雙工次模組封裝與耦光效率之改善

Abstract

雙工次模組在結構方面，係包含了光發射次模組與接收次模組兩個部份，文中提供了一套雙工次模組封裝與測試的方式，主要利用膠封與雷射銲接的固定方式，分別地將光發射次模組與接收次模組固定於雙工次模組本體上，再依所訂立之電性規範，以篩出符合測試及可靠度條件之完成品。 本論文利用ZEMAX光學模擬軟體，找出當光耦合效率理論值為最大時，探討晶片位移量相對於符合光纖端面角度之出光角度值，實驗中選取了當光耦光效率達最大時，其該對應晶片位移量來進行實驗驗證，經過一連串的模擬嘗試與實驗驗證，我們證明當晶片以每10μm單位距離做偏移時，其TO的出光角度變化約為0.5度，依此關係來實際驗證當6°光纖斜面所對應的晶片偏移距離為60μm，其耦合效率的確為最大，比起晶片在中心位置的條件下，其耦合效率還大了5.46%，驗證了晶片偏移對於雙工次模組發射端的耦光有效性。此成果對於雷射銲接製程所產生的銲後位移，提供了一個更大的容許度。

BOSA (Bi-directional Sub-Optical Assembly) mainly includes the optical transmitter module and receiver module. This paper provides a testing and packaging method for duplex module. We treat the receiver module using epoxy gel sealing packaging method and laser welding technique for the transmitter module respectively to fix these two parts onto the metal main body. And sieve out the finished product with the laid-down electrical specifications to meet the conditions of testing and reliability.
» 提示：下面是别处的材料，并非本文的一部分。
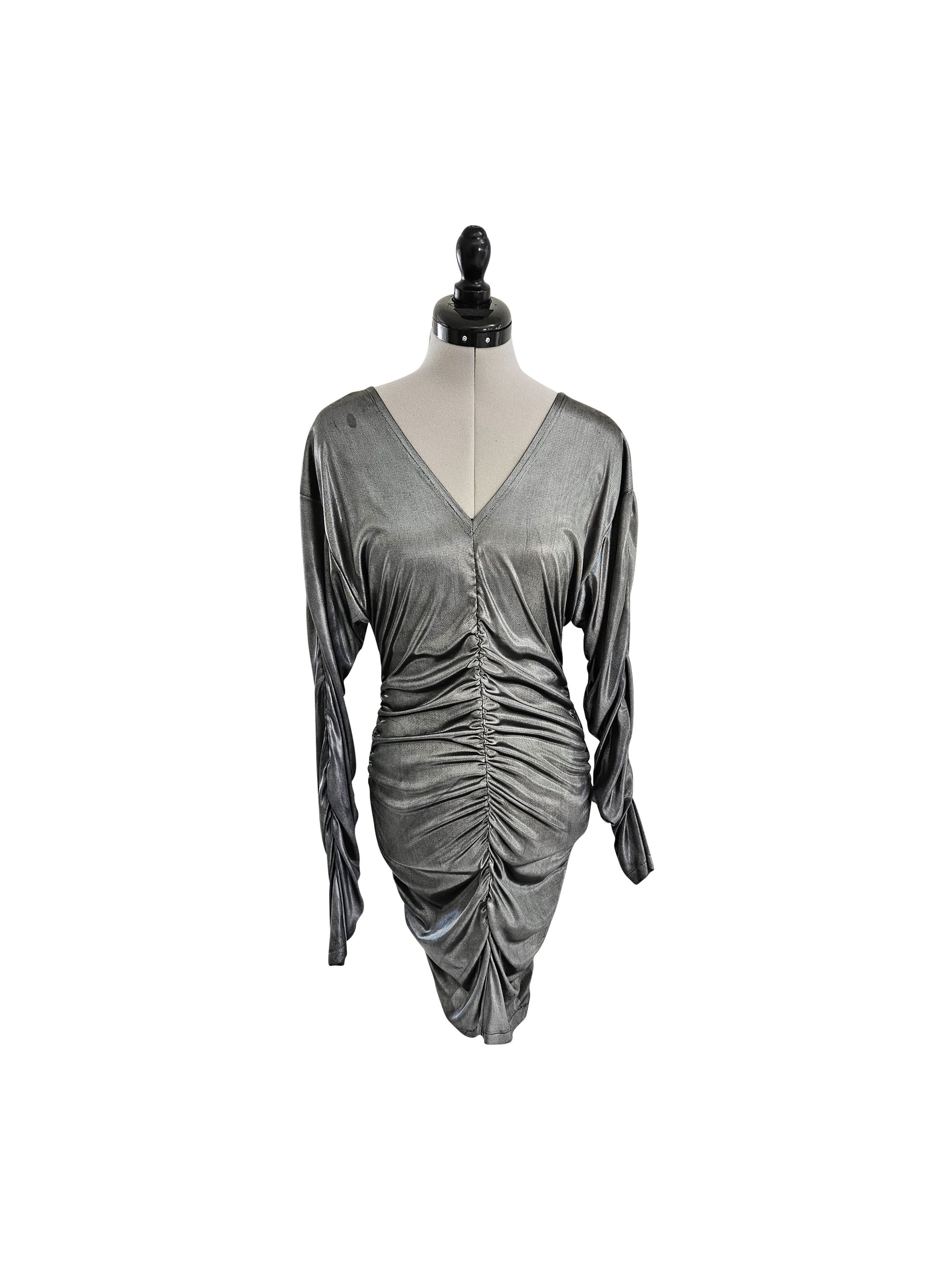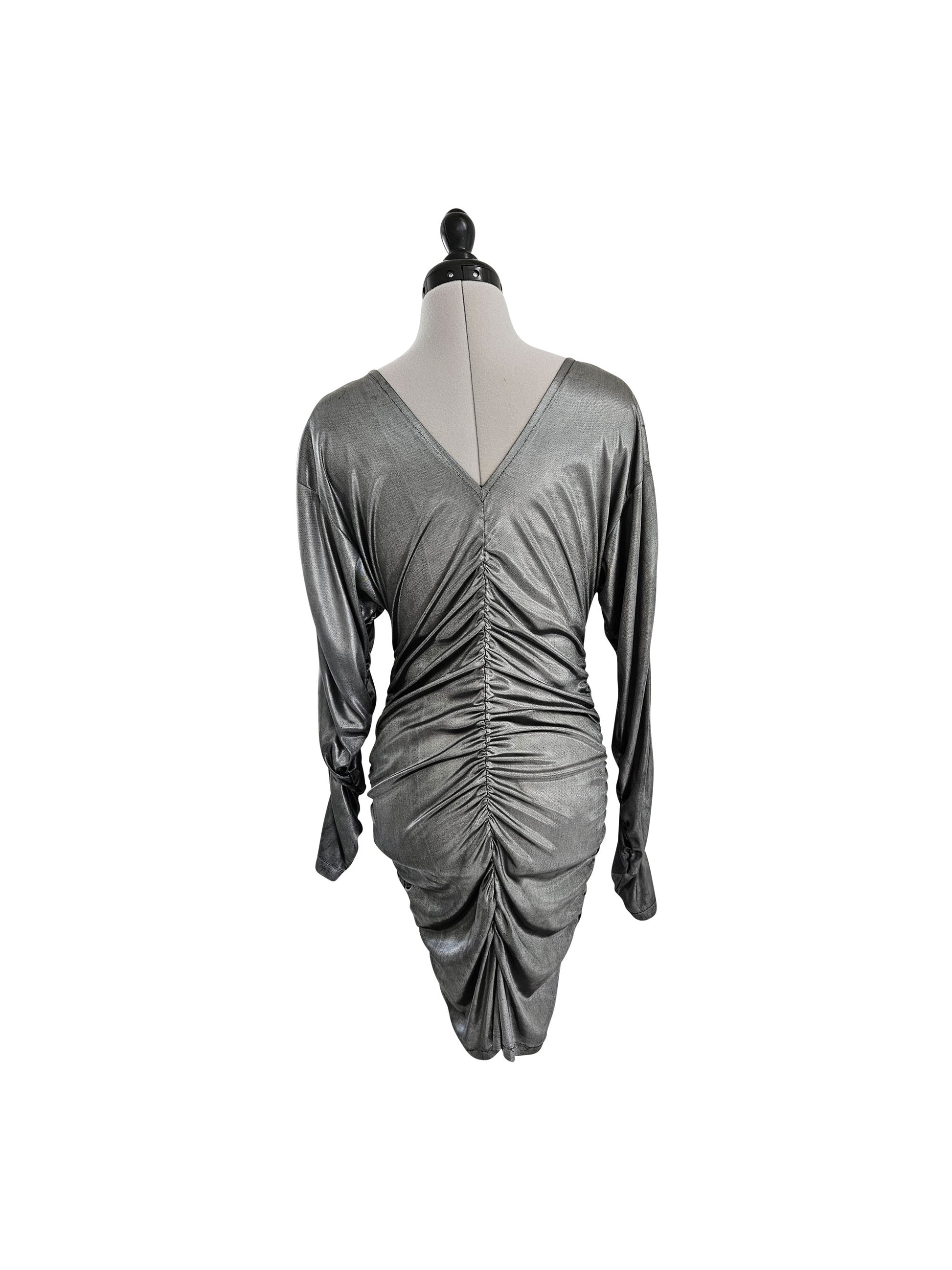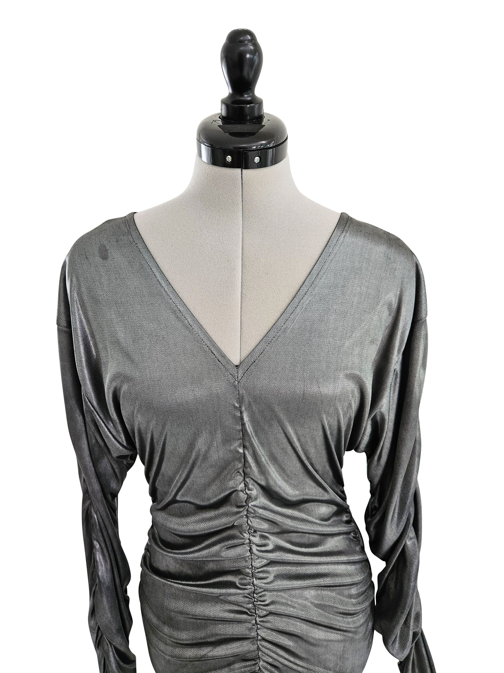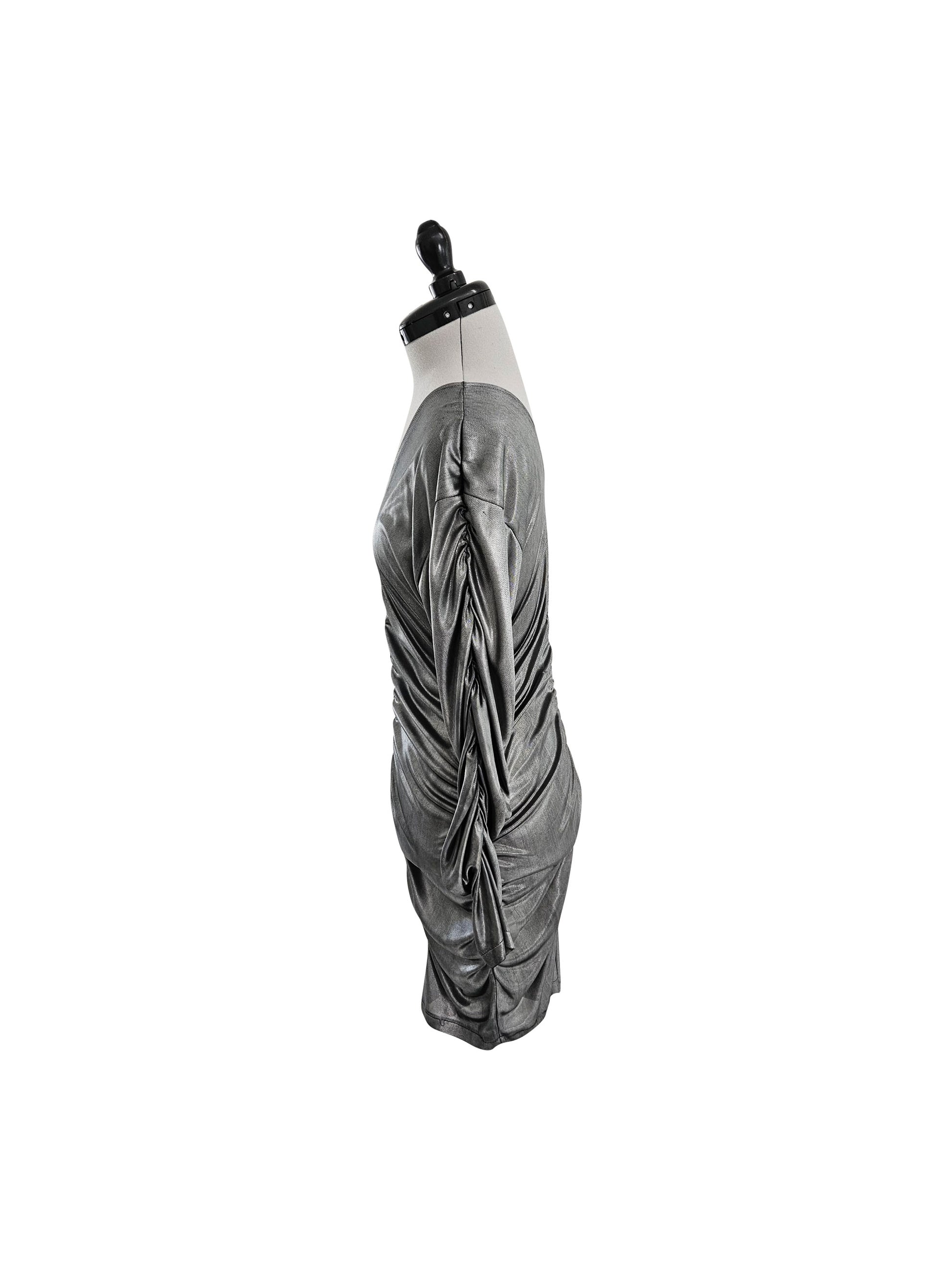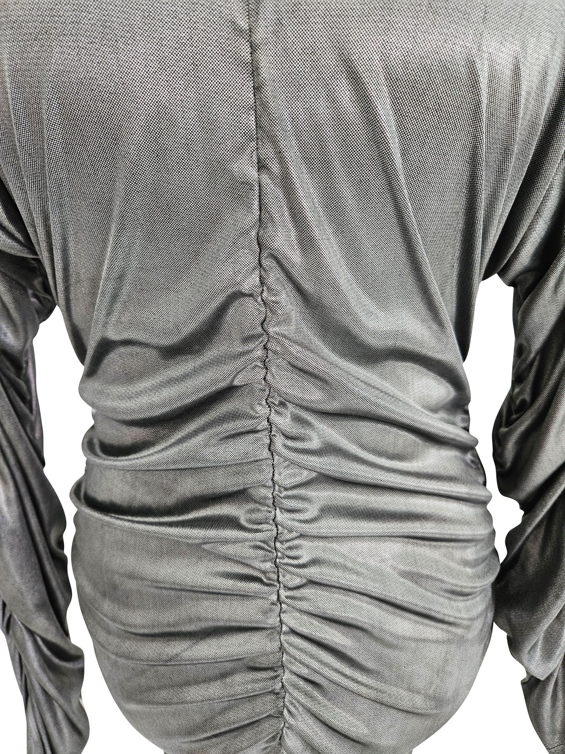 Entdecken Sie das Chromantic, ein enganliegendes Cocktailkleid, das mit seiner schimmernden Oberfläche und eleganten Details besticht. Dieses Kleid in Anthrazit zeichnet sich durch einen Etuischnitt aus und bietet durch Gummizüge an der Vorder- und Rückseite der Taille eine perfekte Passform, die sich dem Körper anpasst.
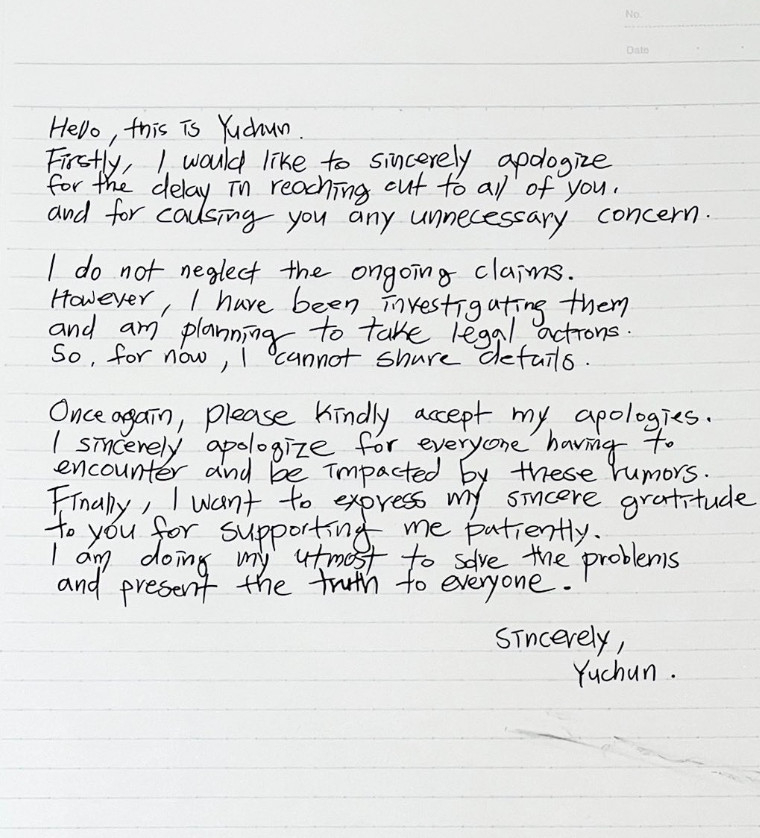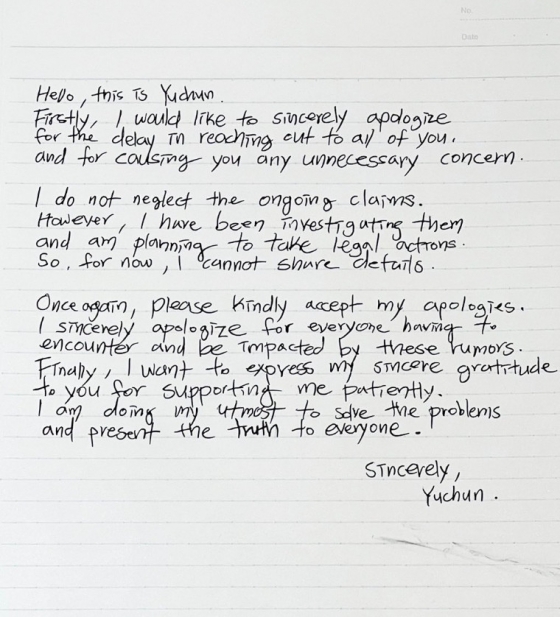 가수 겸 배우 박유천이 자필 사과문을 전했다.

This thesis employs optics simulation tool ZEMAX to explore the influence of active chip offset on the optical beam angle at which the beam enters the fiber end face while optical coupling efficiency reaches a maximum in theory. The experiments are conducted to observe the corresponding effect of chip offset when the coupling efficiency is fine tuned to the maximum. After a series of simulations and experiments, it can be concluded that the every 10μm chip offset gives a 0.5° TO light angle deviation. By this rule, the desired value of chip offset is calculated to be 60μm when a 6° fiber inclined plane is deployed in the BOSA structure. The coupling efficiency is also improved to the best and 5.46% higher than the conventional zero chip offset case. The effectiveness of the chip offset method is verified. The results also provide a greater tolerance for post-weld displacements generated by laser welding.